The tax is small: a 0.5% sales tax on the value of stock trades, 0.1% on debt and 0.005% on derivatives. That’s far less than the combined city and state sales tax of 8.875% on a sandwich at that bodega. The majority of the taxes would be paid by hedge funds, whose flash-trading makes up more than half of current trading volume.
The revenue the measure would inject into the state’s frayed economy would protect jobs. Most New Yorkers won’t feel any pinch in their taxes; fully half of American families don’t have retirement accounts, and those who do could end up saving money, because the tax would disincentivize high-churn trading that’s profitable for brokerage firms but costly to investors.
But Wall Street banks and trading platforms are claiming they’ll blow up their entire businesses, moving them en masse to other states, to avoid the proposed taxes. They want us to believe that about 10,000 broker-dealers and about 40,000 investment managers, dozens of multi-billion-dollar hedge funds and private equity funds, the whole New York Stock Exchange and a handful of banks would decide to leave New York all at once, simply to avoid paying a tiny sales tax that could fund public schools, housing, health care, public transportation and a just climate transition for the residents of America’s richest metropolis.

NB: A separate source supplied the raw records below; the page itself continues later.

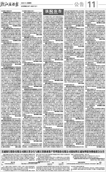蔡建荣:本院受理的原告俞银珠与被告蔡建荣、金小凤追偿权纠纷一案,原告请求:一、判令被告(一)立即支付追偿款人民币20万元;二、判令被告(二)对上诉款项承担保证责任;三、本案讼费由被告承担。因用法律规定的其他方式无法送达,依照《中华人民共和国民事诉讼法》第九十五条之规定,依法向你公告送达起诉状副本、证据副本、应诉通知书、诉讼风险提示书、权利义务告知书、举证通知书、开庭传票、廉政监督卡、互联网公布裁判文书的规定、诉讼须知、转普民事裁定书等诉讼文书。自本公告刊登之日起,经过30日即视为送达。提出答辩状期限和举证期限分别为公告期满后15日内和30日内。本案于:2023年9月11日14时00分在双林法庭公开开庭审理,届时未到庭,本院将依法缺席审理判决。 湖州市南浔区人民法院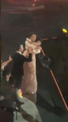 当时谢娜正和其他人拥抱,等待了一会后,谢娜一下扑到何炅的怀里。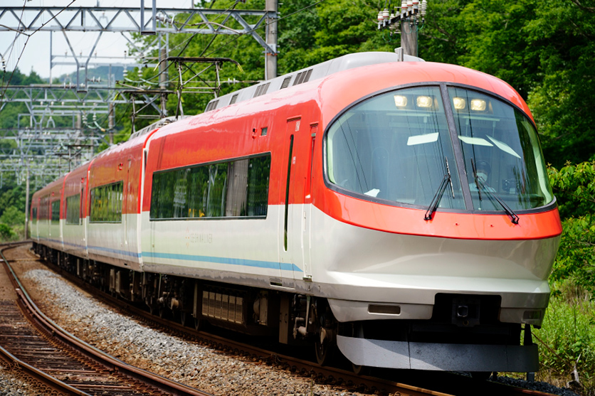 今年3月にデビューした話題の新型近鉄特急「ひのとり」です。艶のある優美な車体に周囲の景色を映しながら名阪間を約2時間で結んでいます。70-180mm F2.8は車体のメタリックレッドを正確に描き出してくれました。このレンズは開放F2.8通しで絞り値の選択肢が多く、幅広い表現ができます。車両の先頭部分と前後数メートルの範囲にピントが合うよう、F5.6で撮影しました。このように望遠で編成写真を撮影する際によく使うF5.6の絞り値で、車両の「顔」を引き立たせる背景の美しいボケ味が得られるのは、F2.8通しレンズならではの「余裕」と言えるでしょう。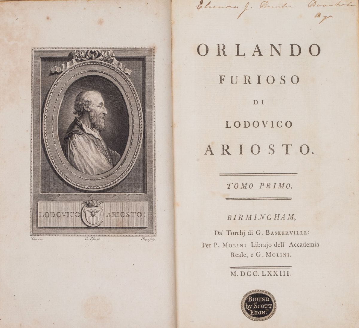 Esemplare dagli ampi margini. Agnelli-Ravegnani p. 204: "magnifica edizione, sia per bellezza di stampa, sia per le illustrazioni, che la fanno uno dei livres à figures meglio riusciti del sec. XVIII". Orlando Furioso, 1773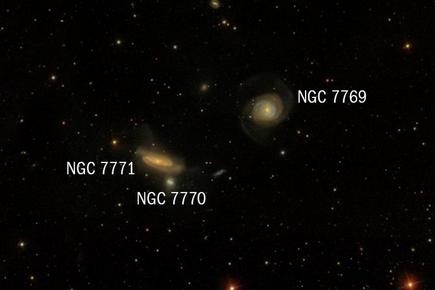 S pozorováním začněte u nejsnazšího cíle – galaktického tripletu v souhvězdí Pegase, který tvoří hvězdné ostrovy NGC 7769, NGC 7771 a NGC 7770.

It’s déjà vu all over again. When a stock transfer tax was introduced in New York in 1905, it met with similar fearmongering: “There is a very great probability that the bill, if enacted, would...chiefly because of the transfer of Stock Exchange business to other states, so far fail in its purpose that the resulting revenue would be inconsiderable” opined the New York Times.
But a few months after the law was enacted, the paper was already eating its words: “The State Controller reports the stock transfer tax as unexpectedly productive...The projected rival exchange across the river in New Jersey was a failure and a jest. Neither is there discoverable any loss of business to other cities.”
Wall Street made similar threats about leaving New York in 1966, when Mayor John Lindsay asked the Legislature to increase the stock transfer tax in another era of great need. Once again the measure passed, and the NYSE remained in New York.
Meanwhile, the tax generated billions of dollars in revenue, even in years when other sources dipped, helping to fund CUNY, SUNY, Mitchell-Lama housing, world-class public transit and an internationally admired public health system. It wasn’t until 1981, with Reaganism sweeping the country, that billionaires finally strong-armed Albany into rebating the tax. The resulting loss in revenue helped usher in decades of punishing cuts to services and job losses — and deeply regressive property and sales taxes — that New Yorkers still feel every day.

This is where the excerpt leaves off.